GINA (the Genetic Information Nondiscrimination Act), has been dismissed by many legal practitioners as an unnecessary law with little probable impact on employers. Au contraire. The ink has barely dried on this new law and, already, GINA is making headlines. For example, a GINA claim has been filed against a Connecticut employer, GINA may make illegal the common practice of checking Internet sources for information on a current or future employee and, last but not least, as recently posited in this article in Corporate Counsel magazine, GINA could provide a new claim to overweight employees who believe they’ve been discriminated against.
As noted in the Corporate Counsel article, ADA potentially could over a case involving obesity.

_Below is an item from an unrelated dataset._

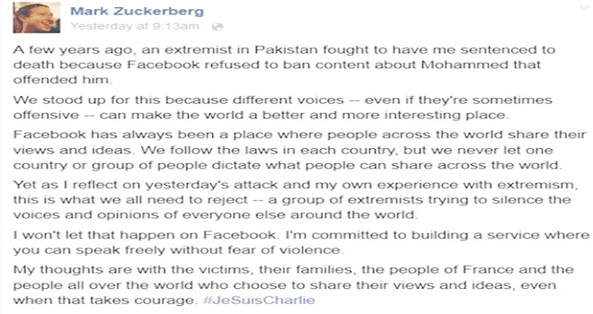 وفيما يخص الهجوم الإرهابي الذي تعرضت له صحيفة “شارلي إيبدو” الفرنسية قال “زوكربيرج”: أفكاري مع الضحايا والأهالي والشعب الفرنسي وكل الناس حول العالم الذين اختاروا أن يشاركوا آراءهم وأفكارهم بكل شجاعة”.

So could GINA. GINA precludes consideration of family medical history. Specifically, it defines “genetic information” to include “the manifestation of a disease or disorder in family members of such individual.” Disease or disorder is not defined in the statute, but most likely some cases of obesity would be considered a disorder. Further, it has been medically established that in many cases, obesity has a genetic component.
Consider the following hypothetical scenario: Employer observes the manifestation of obesity in a family member of an employee at Company picnic. Employer concludes that employee is overweight as a result of a genetic predisposition. Employer terminates or denies promotion to overweight employee. Voila! Like a Genie in the Bottle, a GINA claim has instantly materialized.
What about the “Too Sexy for Her Job” employee, Debrahlee Lorenzana? Could she claim that her good looks were genetic and therefore state a GINA claim? Not likely, since – even if it runs in the family – good looks would not likely be labeled as a “disorder.” And there’s that pesky little fact that she does not come by it all naturally.